Reverse Proxy Setup

This one is for Bubble management.

I need to setup a reverse proxy on Bubble to call data from a second server (a blog) so that the blog is on a subdirectory vs. sub domain.

There is far too much detriment to hosting a blog on a subdomain for SEO which would be the easiest approach. I am losing lots of traffic and advantages of being able to host a blog on a subdirectory (without building a blog on Bubble of course)

I need a way to setup a reverse proxy and can provide the ip address for the connection to the secondary server hosting the wordpress installation.

Please let me know how this is possible or if this request should be emailed @emmanuel

1 Like

Bump.

@emmanuel I don’t mean to press on this one but I can’t get any help on this one except from you/management.

Thank you in advance

1 Like

I’m not sure I understand your question. You want a fixed IP?

Hey @emmanuel not a fixed IP.

In computer networks, a reverse proxy is a type of proxy server that retrieves resources on behalf of a client from one or more servers. These resources are then returned to the client as if they originated from the proxy server itself.

So everything that is at /blog would call from a different IP (BUT the url would appear as if it were the same server/IP and would not show that it’s calling from a different server)

It is quite easy to set up and I would be willing to sponsor of course.

This would allow 1000’s of blog pages to call from /blog/post1-2-3-4 on the main url vs. blog.domain.com which is no good for SEO.

There are 4 steps to set it up:

To do that just launch IIS Manager and click the server node in the tree view.
Double click the “Application Request Routing Cache” icon.
Select the “Server Proxy Settings…” task in the Actions panel.
And Make sure that “Enable Proxy” checkbox is marked.

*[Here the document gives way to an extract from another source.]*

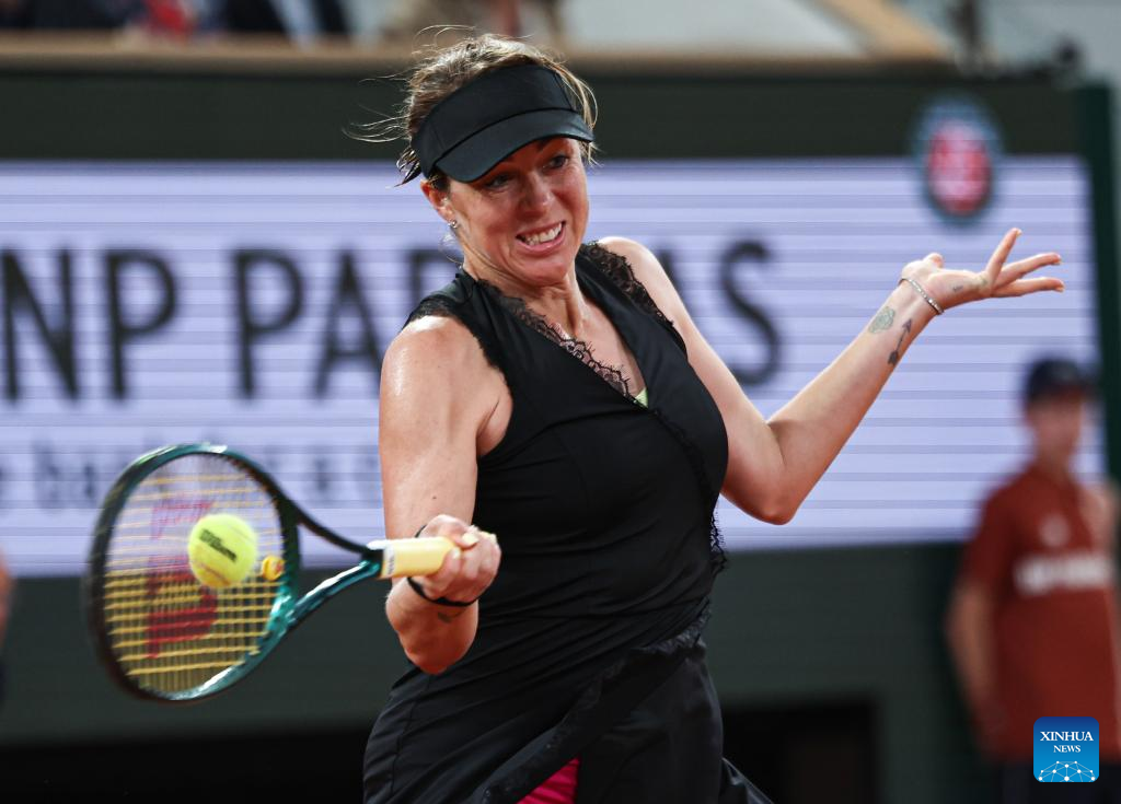 Anastasia Pavlyuchenkova hits a return during the women's singles first round match between Anastasia Pavlyuchenkova of Russia and Zheng Qinwen of China at the French Open tennis tournament at Roland Garros, Paris, France, May 25, 2025. (Xinhua/Li Jing)

Please let me know your thoughts. I am ready to sponsor this if required.

I have a feeling there is no IIS manager with the platform stack they are using :slight_smile:

It may be a different setting then (linux vs. windows etc.)

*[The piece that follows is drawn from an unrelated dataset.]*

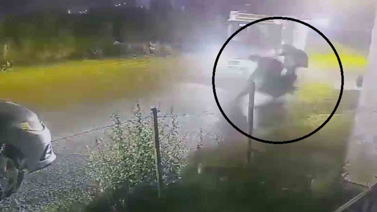 Hatay’ın Antakya ilçesinde kamyonetle çarpışan motosikletteki 2 şahıs yaralandı. Çarpışmanın etkisiyle motosikletteki 2 şahsın havaya uçma anıysa güvenlik kamerasına yansıdı.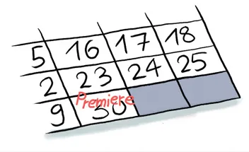 Auf dem Kalenderfoto für Juni ist ein Affe. Und im Kalender steht für heute: Premiere.

you can still do appdomain/blog/blog entry (all-be-it with the id at the end);

Look at the address below; it consists of domain/blog/blog title - uniqueid

Would that not do? In a world of bizarre dynamic urls does it matter if it has the unique id at the end providing you have your domain/blog/ You can see this URL on the live page below.

That would semi-work, but WordPress is pretty much required as it’s a much better solution for blogging than re-creating a blog CMS on bubble (a lot of work and no plugins).

Keeping it on Wordpress is important, and keeping it 1) sitemapable 2) on the same url (as a directory vs. sub domain)

Hey,

It would be best to connect some scraper to bubble whom replicates the blog content, but if you would want to go proxy, here you go.

Actually it wouldnt be a reverse proxy, just a proxy, but lets call it reverse for now as people mix names.
This would be potentially complex and has many pitfalls, but if you wanna test the waters here you go.

Get yourself a nginx reverse proxy server. Digitalocean is a good alternative, but should be located few hopes from your bubble server location. Read an article about how to setup “nginx reverse proxy” Digitalocean has some good blog posts about that.

Then you create an nginx config that proxies to your bubble install, (It its SSL/HTTPS you need to also forward HTTPS requests, so likely you would need a Letsencrypt certificate (google how to setup that).

Then you add a location directive in NGINX config that points your subdirectory to your other server,

Sorry for such a simplified writeup, but this is complex waters and not recommended for noobs. Your application may break at any time and you should have a mitigation strategy/24h response person if your app is mission critical.

Disclaimer: All your traffic would now go through this endpoint.

Hi All,

Looks like my post on this topic was rolled back.
Is there indeed, a way to configure bubble to redirect one of the directories to an external host?

The point is that if you’re trying to integrate an external blogging solution specifically for SEO purpose as one of the directories of an existing application - there seems to be currently no technical way to do that on Bubble level.

Here’s the feedback I got from one of the blogging platforms support teams:

The way subdirectory support works is that you would need to be running your own reverse proxy server (this would likely be the nginx/apache server for your existing website) that will accept requests for mydomain.com/blog and forward them to your blog. An example nginx config is available here https://gist.github.com/ErisDS/3ee9f27bcdb43522f0be

Will this be something that we’ll be able to do?
I’m sure that a lot of people would go for the external blogging solution (better SEO, easier management, no development necessary), but integrated into their main functional app that delivers the core functionality.

please let us know!

2 Likes

I can’t agree more that this option would be so good.

1 Like

Seconded!

1 Like

This isn’t something we can do at the second, I recommend using a subdomain.

Has this been implemented, or still on the backlog?

@sridharan.s did you ever get clarity on whether a reverse proxy setup is feasible in Bubble?